Are the sanic-jwt tests passing against current master? Looks like the failures are about unexpected error message strings.

Of course. I am not advocating for a static internal API, or even developer facing.

As for sanic-jwt, I had not tested it since the last release. The tests seem to have nothing to do with this PR, but rather #1768.

As to the issues at hand:

Request size

but requests are no longer rejected because of body size until the body is received.

This seems like one of the more impactful changes that developers may come across. And, does raise some concerns. I know you are advocating lowering the limit (which would bring it in line with the nginx default, but it still has the potential for harm since the check will not occur until after the body is received. So, if I do want to increase to 100Mb, my server will need to receive all 100 before it fails on 101.

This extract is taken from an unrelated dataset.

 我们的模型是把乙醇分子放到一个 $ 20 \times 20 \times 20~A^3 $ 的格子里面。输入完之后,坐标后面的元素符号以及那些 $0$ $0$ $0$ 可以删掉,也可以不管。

This brings me back to something that I really would like to implement: route level config changes.

@app.route(..., request_max_size=100)
async def upload(request):


The middleware remains a big problem.

Response middleware issues more or less resolved

What is the state of middleware support?


Since the core of this change is HTTP parsing, and while I am not calling into doubt the quality of work, I am wondering how best to introduce this change. There are sort of two competing thoughts I see on this:

  1. We aim for 20.6 which still provides 6 months to deal with stabilizing it before an LTS; or
  2. We implement it as an “opt-in” or “beta” feature

I realize that option 2 would require a lot of work, and a high level of complexity. But I am also worried that there is such a huge amount of new tests we need to cover that, as we know, we are bound to miss something.

API changes

I have found myself overriding these, from time to time. I think we can still keep these in the API if for nothing else as hooks. If not, then perhaps we add calls to them with a warning that the methods have been removed, and then completely remove them after a further release.


Final thoughts

@Tronic, what do you see as the biggest remaining gaps/obstacles? Test coverage?

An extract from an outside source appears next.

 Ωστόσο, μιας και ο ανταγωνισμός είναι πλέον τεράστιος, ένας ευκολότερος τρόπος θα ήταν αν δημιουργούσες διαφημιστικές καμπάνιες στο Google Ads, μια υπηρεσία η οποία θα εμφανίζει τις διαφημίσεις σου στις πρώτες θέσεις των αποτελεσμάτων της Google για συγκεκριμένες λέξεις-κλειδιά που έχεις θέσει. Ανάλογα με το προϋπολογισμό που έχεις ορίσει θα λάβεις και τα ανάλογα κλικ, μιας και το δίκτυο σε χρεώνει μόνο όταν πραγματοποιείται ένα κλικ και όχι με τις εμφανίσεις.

Request size limit is enforced when starting to receive the body, or when the known size at any phase becomes larger than the current limit. For instance, someone may send content-length header with a very large number, causing the request to be rejected as soon as either the handler or the internal logic (for non-streaming routes) attempts to read request body. Similarly in chunked encoding at some point a chunk with very large size may appear, causing instant rejection without actually receiving until the limit is hit.

However, the asyncio protocol level receive buffer needs to be made smaller. The current code just uses REQUEST_MAX_SIZE for that but it should rather be around 64 KiB instead. Otherwise the sender may send too much before the app even tries to receive any of it. Whether this needs to be configurable, like on websocket, and whether the send buffer also needs to be, is an open question.

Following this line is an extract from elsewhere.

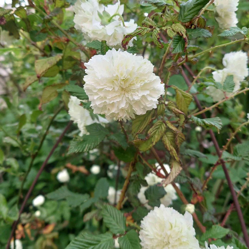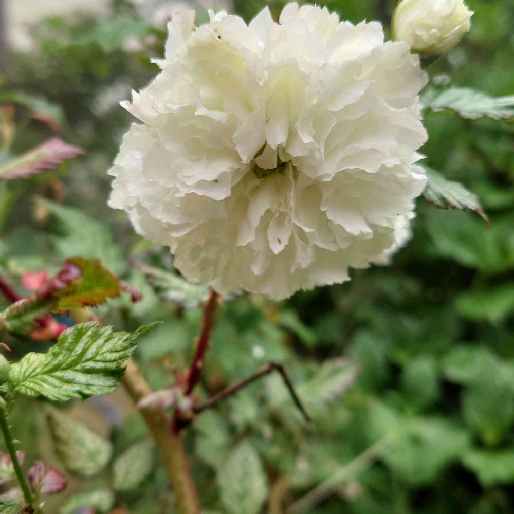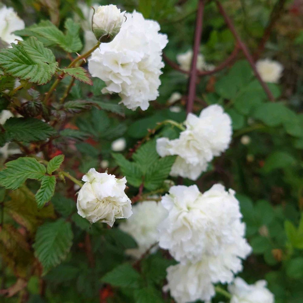 真っ白で、名前にバラと付いてるけど、キイチゴの仲間、、、真っ白で沢山の花びらが素敵なんですよ〜🤍🤍🤍✨✨

Middleware issues: I’ve found no adequate way of handling streaming bodies but AFAIK all standard functionality is in place.

HTTP parsing does not check for invalid header names (like httptools does) and might be more strict about newlines (CRLF vs. LF) and charsets (line-by-line autodetection of those would be slow).

The response API is still in flux and there are several ways to go. The current approach cannot support await file_stream("filename") to actually stream the response because it has no access to the request, stream or any other objects to do so. It is possible to fix that by async-local global variables, as is done by Quart because it has to emulate Flask’s thread-local request and response globals. This would also avoid the need for request.respond() as I’ve currently circumvented this issue, but there are also pretty big drawbacks in that design.

The refactoring is related. I think I’ll need a new “glue” class to hold various things now scattered across, and that really are shared between all of them.